RuntimeError: tf.device does not support functions when eager execution is enabled.
1

1 Answers

-1
votes

In the tf.distribute.experimental.ParameterServerStrategy page, it states below

Note: This strategy only works with the Estimator API. Pass an instance of this strategy to the experimental_distribute argument when you create the RunConfig.

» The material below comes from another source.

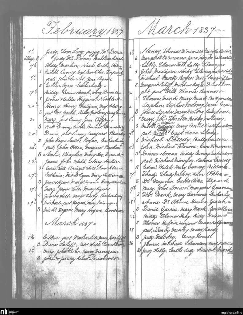 Kilnoe; County of Clare; Diocese of Killaloe. Baptisms, Feb. 1837 to Mar. 1837

This instance of RunConfig should then be passed to the Estimator instance on which train_and_evaluate is called.

Below is an example on how to use tf.distribute.experimental.ParameterServerStrategy() -

strategy = tf.distribute.experimental.ParameterServerStrategy()
run_config = tf.estimator.RunConfig(
    experimental_distribute.train_distribute=strategy)
estimator = tf.estimator.Estimator(config=run_config)
tf.estimator.train_and_evaluate(estimator,...)

Also if you go to the page Distributed training with TensorFlow, it explains what is supported in which scenarios in TF 2.0 at this time,

enter image description here

Hope this answers your question. Happy Learning.